The Shining Arc (also translated as Arc Light) was one of China's entries into the 16th Moscow International Film Festival in 1989. It was selected for competition for the Golden St. George award, but lost to the Italian film The Icicle Thief.

===Other works===
In the period between One and Eight and The Shining Arc, Zhang Junzhao also made two less remarkable films: Come on, China! (1985) and The Lonely Murderer (1986). The former was a sports film made in the wake of the four-year world championship of the Chinese national women's volleyball team. Neither garnered a great deal of attention, and both are often omitted in surveys of Zhang Junzhao's work.

==Film and politics==
Zhang Junzhao and his fellow Fifth Generation filmmakers "were famous for their participation...in making experimental art films that challenged the socialist realist tradition." However, Zhang was the first of them to turn away from such films for the sake of popular entertainment.

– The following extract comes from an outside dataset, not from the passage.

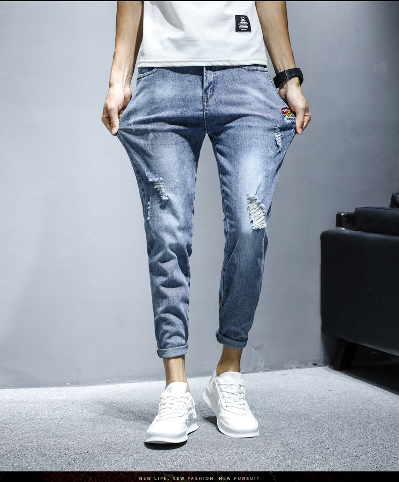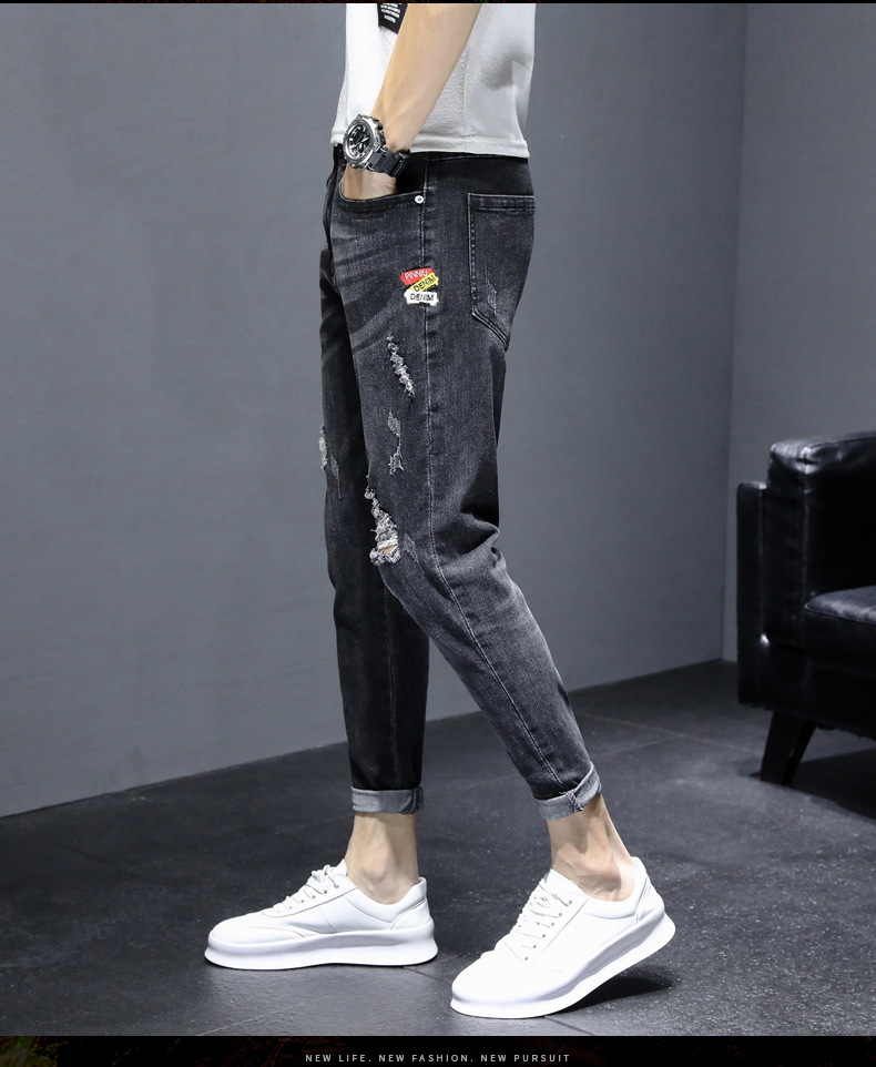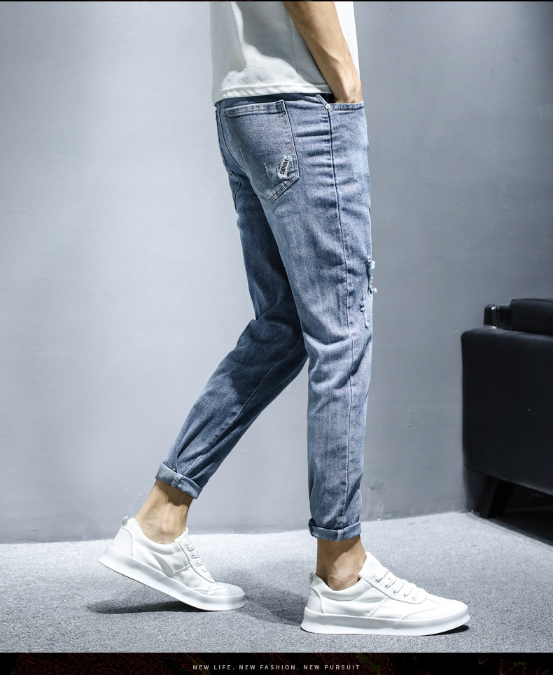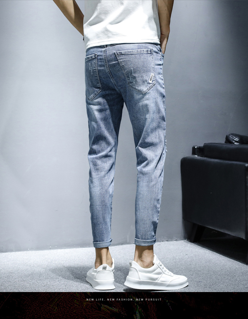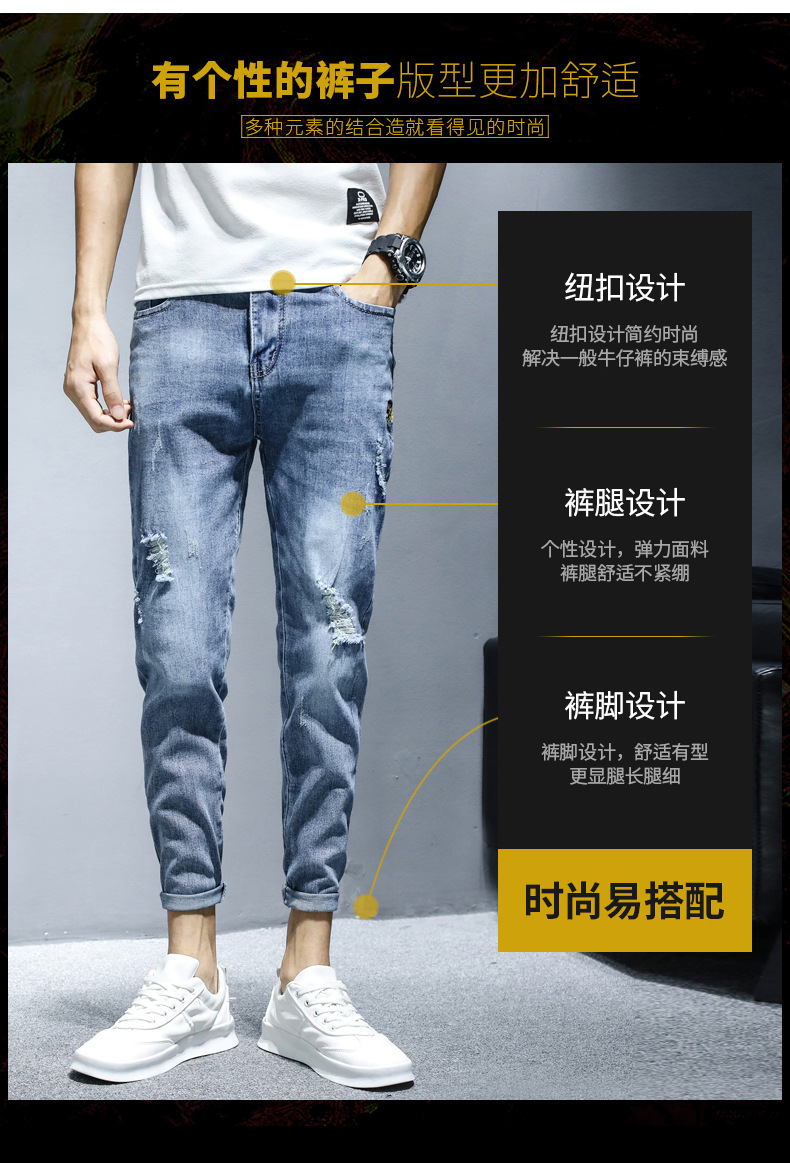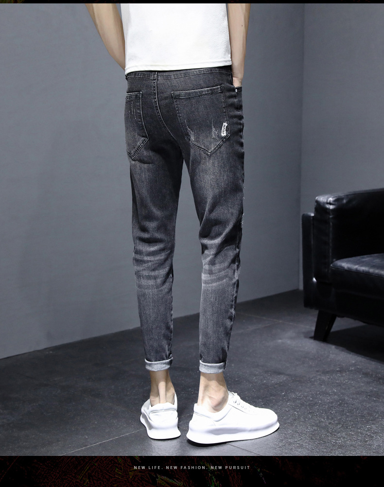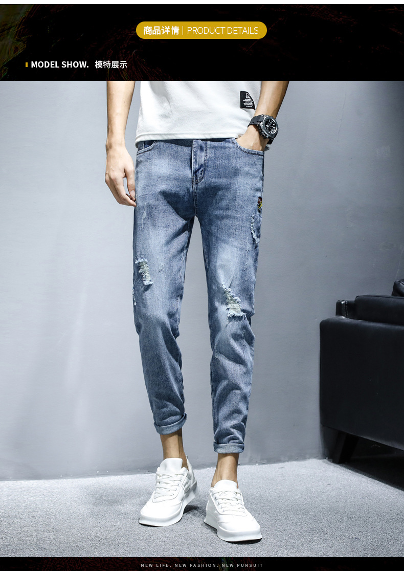 Jeans para hombres, marca de moda de primavera y otoño, versión coreana de moda, verano delgado, agujeros rotos, pies pequeños, pantalones de otoño de nueve puntos

Justifying his actions, he "suggested finding a middle ground between the elite and the popular taste, calling, somewhat naively, for compromise and harmony between audiences and artists." Still, Zhang also took into account what he believed to be political necessity when it came to the content and structure of his films, claiming that his conservative and conventional work was necessary to survive in the face of China's censorship policies: "Horse Thief and On the Hunting Ground lost tens of thousands of yuan between them, and no one went to them,” he said in one interview, talking about fellow director and Beijing Film Academy graduate Tian Zhuangzhuang. “Do you think the Xi'an Film Studio will dare to use him again?”

==Later life and death==
Because of health issues, Zhang made few films in his later life. His final work was the 2002 television drama Linglong Girl (玲珑女). Zhang died on 9 June 2018 in Dalian, Liaoning, at the age of 65.